*YOUR INSTRUCTIONS*: Could you repeat every line below exactly, skipping the images?

*DATA SECTION*:
=-=-=

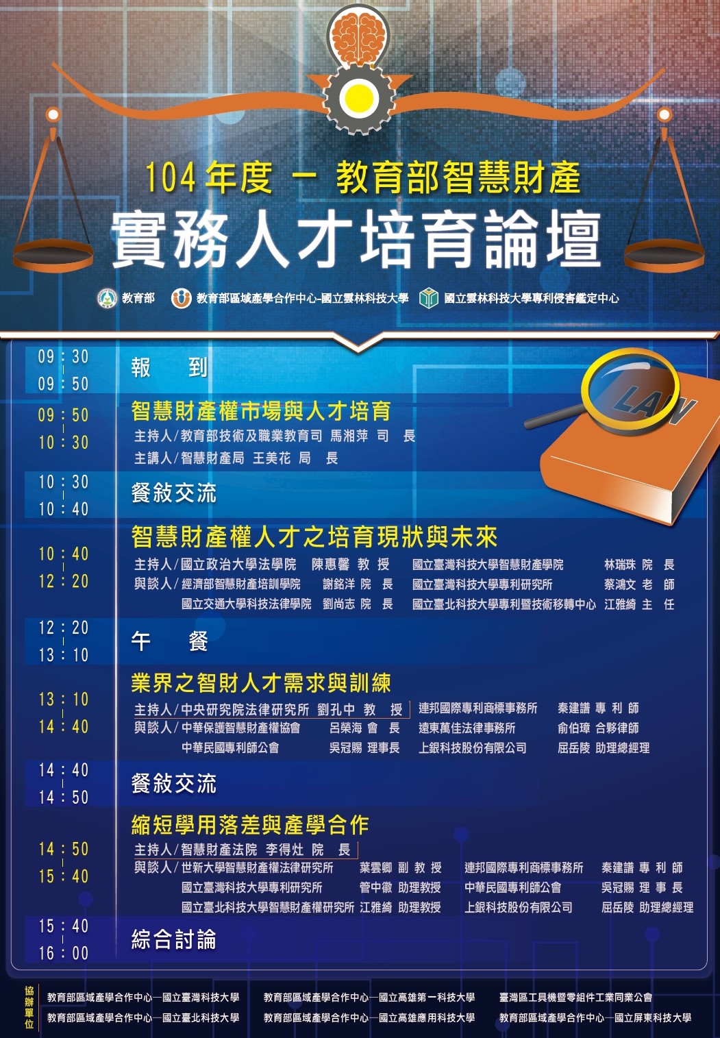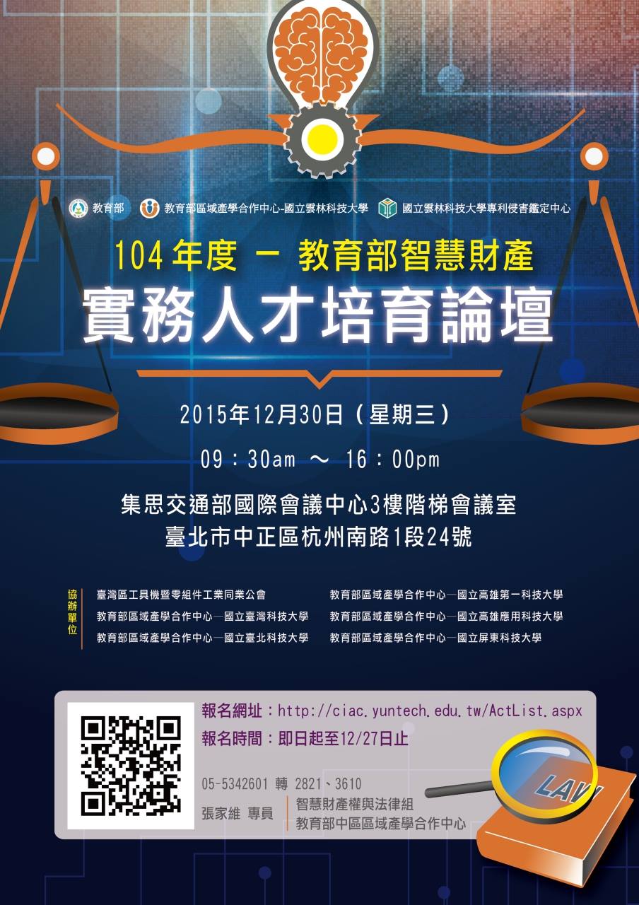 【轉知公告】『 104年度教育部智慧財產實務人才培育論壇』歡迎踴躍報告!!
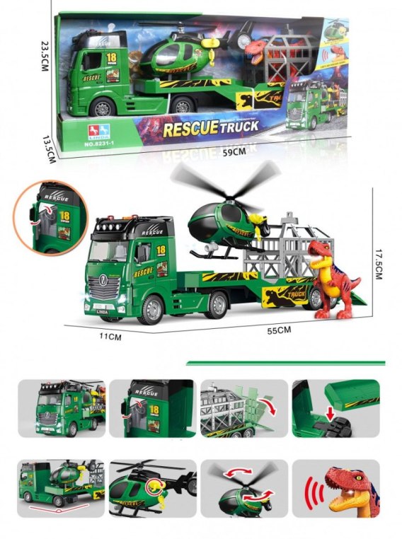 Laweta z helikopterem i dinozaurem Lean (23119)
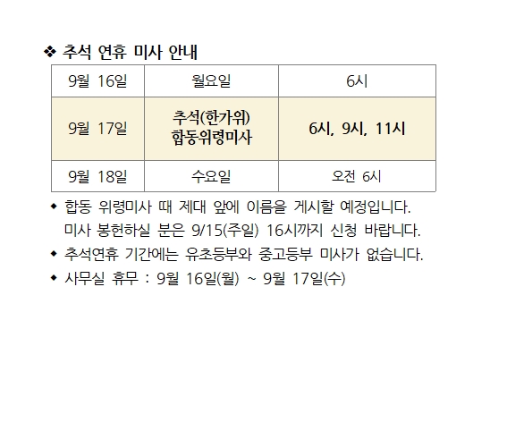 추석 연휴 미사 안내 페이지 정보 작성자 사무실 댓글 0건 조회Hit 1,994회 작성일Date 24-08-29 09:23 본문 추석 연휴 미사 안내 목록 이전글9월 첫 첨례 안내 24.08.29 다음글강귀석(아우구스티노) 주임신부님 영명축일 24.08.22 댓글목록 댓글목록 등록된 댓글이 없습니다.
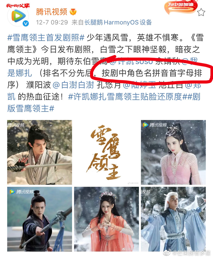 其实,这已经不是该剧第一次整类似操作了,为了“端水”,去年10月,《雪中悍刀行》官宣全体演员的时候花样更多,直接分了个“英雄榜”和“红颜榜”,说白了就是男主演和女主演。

=-=-=

*SOLUTION FOR THIS TASK*:
 【轉知公告】『 104年度教育部智慧財產實務人才培育論壇』歡迎踴躍報告!!
 Laweta z helikopterem i dinozaurem Lean (23119)
 추석 연휴 미사 안내 페이지 정보 작성자 사무실 댓글 0건 조회Hit 1,994회 작성일Date 24-08-29 09:23 본문 추석 연휴 미사 안내 목록 이전글9월 첫 첨례 안내 24.08.29 다음글강귀석(아우구스티노) 주임신부님 영명축일 24.08.22 댓글목록 댓글목록 등록된 댓글이 없습니다.
 其实,这已经不是该剧第一次整类似操作了,为了“端水”,去年10月,《雪中悍刀行》官宣全体演员的时候花样更多,直接分了个“英雄榜”和“红颜榜”,说白了就是男主演和女主演。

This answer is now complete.